Mínus: The Great Northern Whalekill (One Little Indian)
The Great Northern Whalekill è il quarto album degli islandesi Mínus, una band che, dopo essere stata in tour con ogni singolo ensemble “rock” protetto da Santa Mtv, è ancora inspiegabilmente ignota al grande pubblico.
Sconvolti da questa mancanza abbiamo deciso di stendere una lista delle categorie umane che potrebbero essere interessate all’ascolto di quest’opera. Il nostro intento è quello di agevolare, ma soprattutto velocizzare la Vostra quotidiana ricerca di accattivanti novità musicali. Il tempo risparmiato potrà essere investito in attività lodevoli quali le pulizie di primavera o l’organizzazione di una fuga all’estero.

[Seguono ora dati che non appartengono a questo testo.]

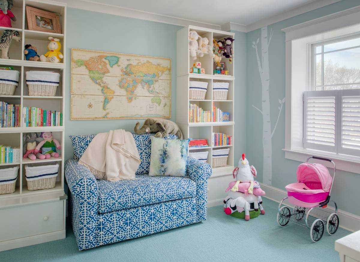 Совет! Пастельные цвета обивки помогут зрительно расширить помещение и придадут ему воздушности. Тяжелые темные и очень яркие оттенки отрицательно воздействуют на психику ребенка.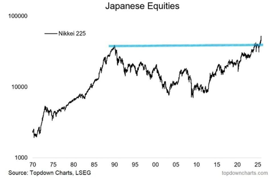 Cisco Systems finally topped its year 2000 share price of $78 last week. The Nasdaq fell by some 82% during the dot.com bust. It took 18 years for the tech sector to catch up to the S&P 500 index. It took the Nikkei 225 36 years to surpass its 1989 high. The Nikkei finally reached its new high this year.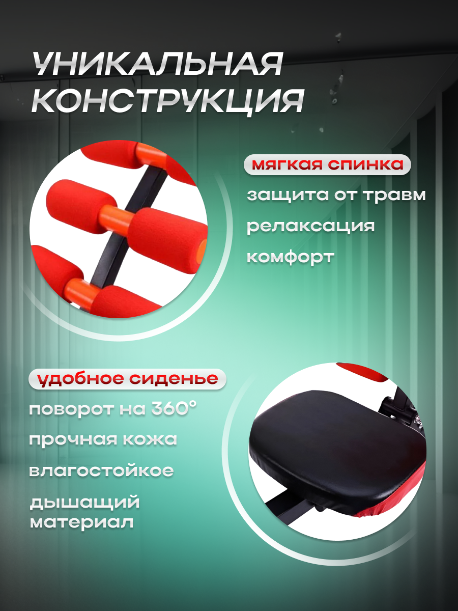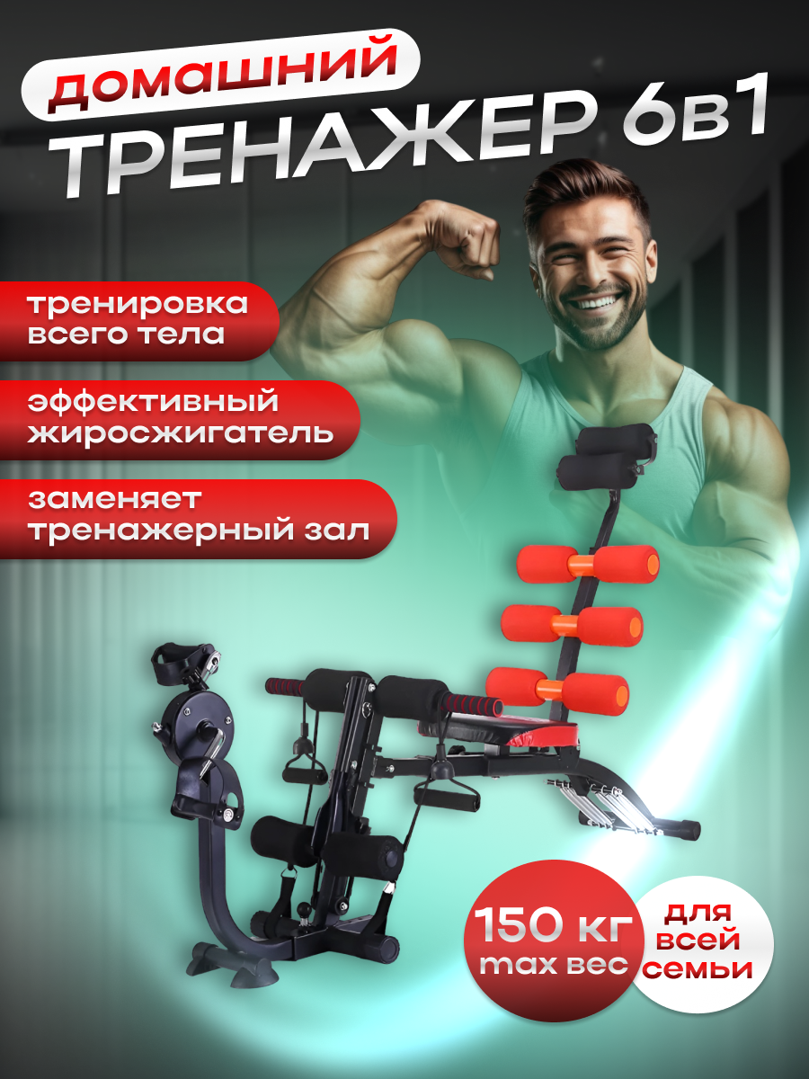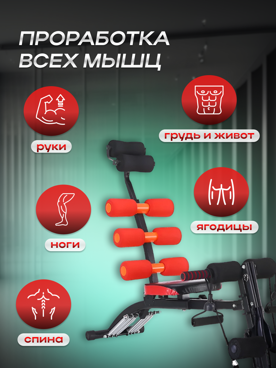 Многофункциональный домашний тренажер 6в1. Скамья для пресса, степпер, велосипед, эспандеры, отжимания, жим / Красный интересное: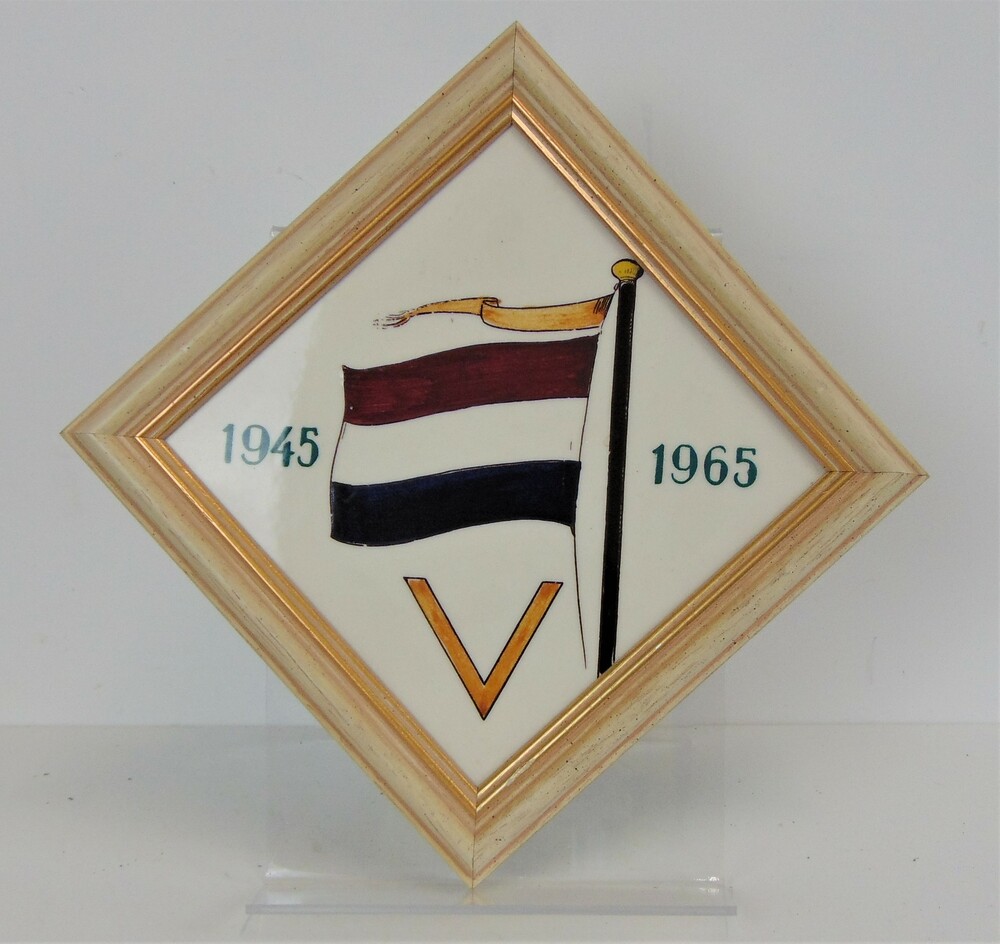 Keramiek tegel geel, vlag + V-teken 1945-1965
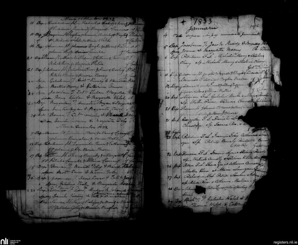 Mothel and Rathgormack; County of Waterford; Diocese of Waterford and Lismore. Baptisms, Nov. 1832 to Jan. 1833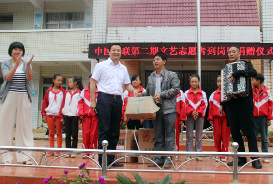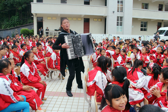 手风琴演奏家杨帆为文艺支教的2所学校捐助了6台手风琴。在志愿者到岗活动现场,杨帆的即兴演奏为学校的老师及孩子们带去了欢乐,更赢得了热烈的掌声。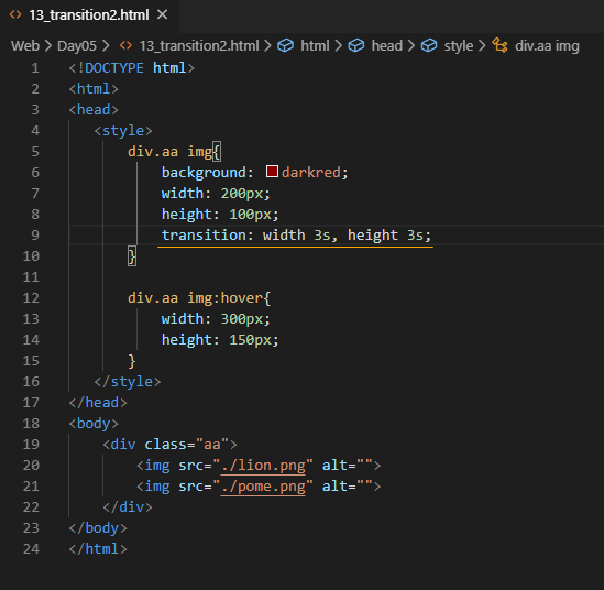| HTML+CSS (기초) transition 속성 이용하기 ( 마우스 커서 올렸을 시 커지는 효과) (0) | 2019.12.09 |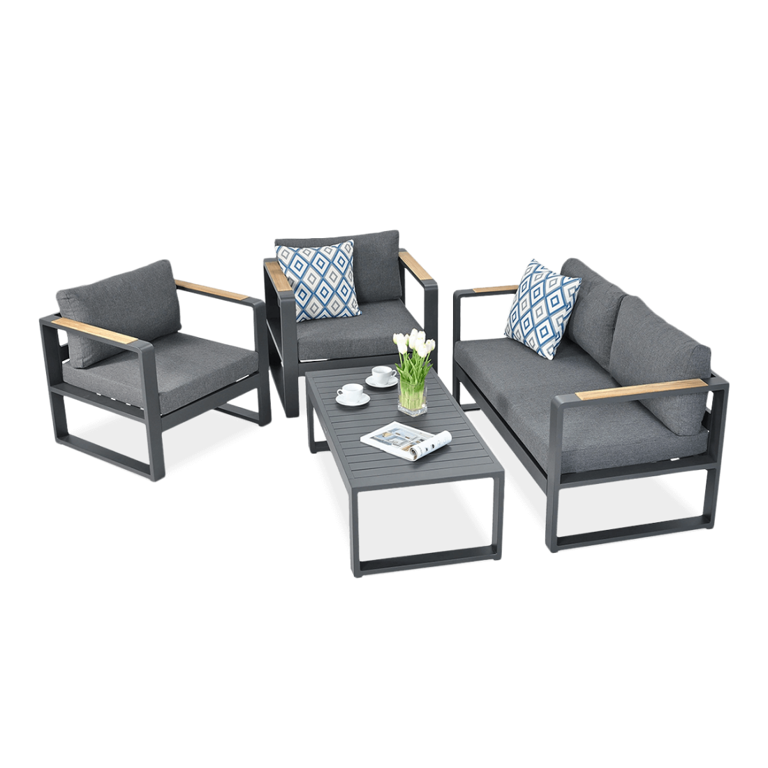 Zestaw wypoczynkowy Panama w kolorze antracytowym to komplet mebli ogrodowych przeznaczony do profesjonalnych zastosowań zewnętrznych. W skład kompletu wchodzą dwa fotele, sofa dwuosobowa oraz praktyczny stolik. Meble wykonane są z wytrzymałego tworzywa o fakturze przypominającej rattan, które cechuje odporność na działanie warunków atmosferycznych, w tym wilgoć, promieniowanie UV oraz zmiany temperatury. Konstrukcja oparta na solidnych ramach gwarantuje stabilność i łatwość użytkowania w intensywnie eksploatowanych przestrzeniach. Zestaw wyposażony jest w miękkie poduszki, które podnoszą komfort użytkowania.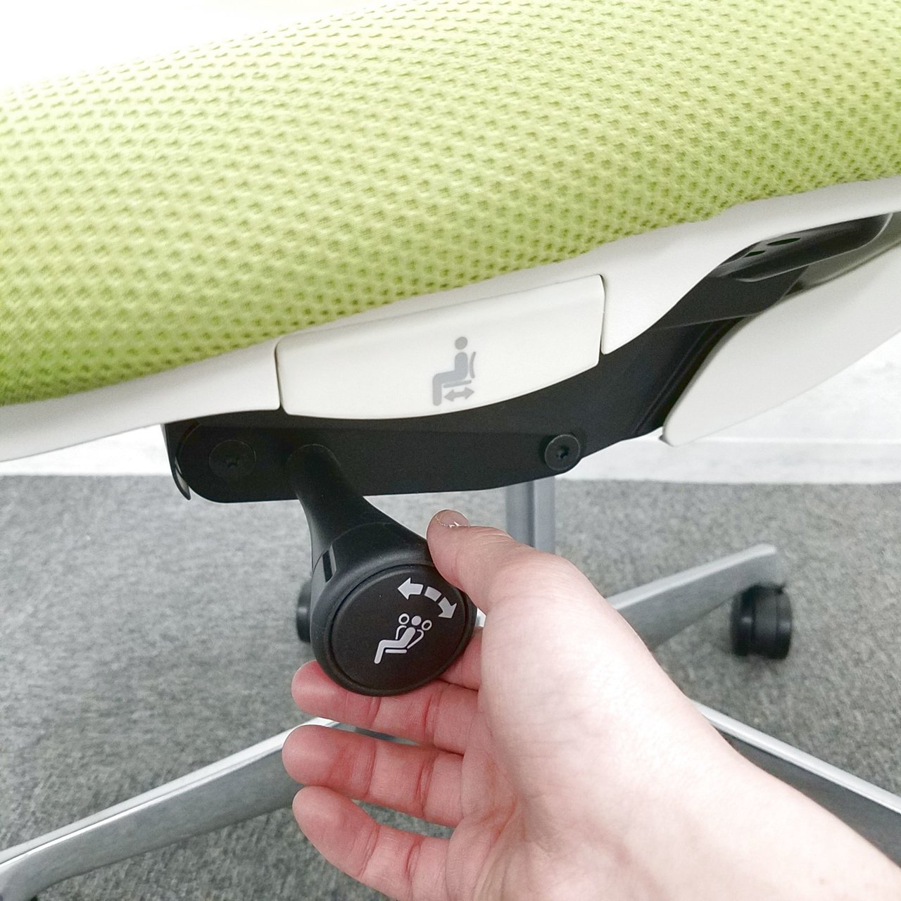 - 座面の左にあるレバー操作により、座面の奥行き調整が可能です。(ストローク:50mm)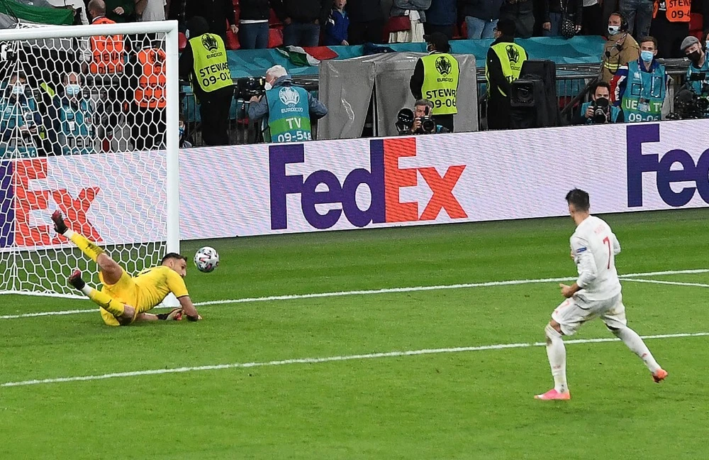 Ánh mắt Morata tội nghiệp chất chứa nhiều nỗi niềm dõi theo Jorginho đang bước lên. Một động tác nhảy chân sáo quen thuộc và cũng đầy bẩn lĩnh, bóng từ từ bay qua tay thủ môn Unai Simon. Chân sút Morata tận cùng tuyệt vọng, nhìn khoảnh khắc các cầu thủ Ý điên cuồng ăn mừng chiến thắng, rồi lại ngước sang nhìn các đồng đội đổ gục xuống sân.
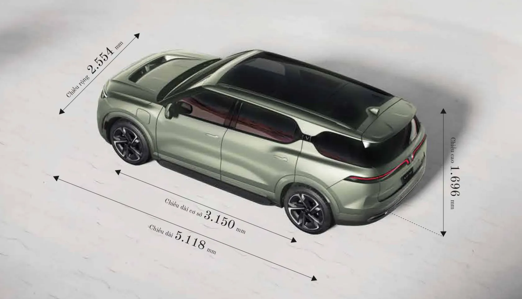 Vốn là mẫu xe đầu bảng của VinFast nên các thông số kích thước của VF9 cũng lớn nhất trong chuỗi sản phẩm của hãng. Theo đó, chiều dài x rộng x cao của xe lần lượt là 5.120 x 2.000 x 1.721 (mm), tương đương với loạt mẫu SUV hạng sang như Lexus LX570, Mercedes-Benz GLS hay BMW X7.

Consigliamo dunque il nuovo album dei Mínus agli ultratrentenni nostalgici convinti che dopo gli AC/DC sia subentrato il vuoto siderale, agli amanti di Queens of the Stone Age e Kyuss, a chi non trova che l’associazione del nome The Great Northern Whalekill e della foto di copertina sia un tantino disdicevole, a chi adora gli uomini nerboruti con enormi tatuaggi apparentente volti a confermare la loro mascolinità, a chi ha apprezzato il lavoro di Joe Barresi (un produttore noto per aver collaborato con Melvins, Jesus Lizard, Tool, Tomahawk, ecc.), a coloro che amano un certo suono metallaro, rifinito al punto da risultare mainstream, ma che desiderano sfoggiare anche degli ascolti indie, a chi rimpiange il grunge da classifica e si consola con i Foo Fighters, a chi ritiene che sia necessario essere completisti relativamente alle uscite islandesi, a chi desidera osservare delle foto di un pallido bambino obeso privo di abiti, a chi si esalta ascoltando dell’hard rock di terza generazione saturo di feedback e riff d’altri tempi ed infine ai giovani che bevono Jack Daniel’s a colazione per essere come Slash e si vestono fingendo di essere appena stati ad un concerto dei Guns ‘n Roses (nel 1987). Consigliamo inoltre un tentativo di ascolto a chi ha trovato insignificante Howl, il terzo album dei Black Rebel Motorcycle Club, e al contrario si è stracciato le vesti nell’udire i brani che compongono il più recente Baby 81.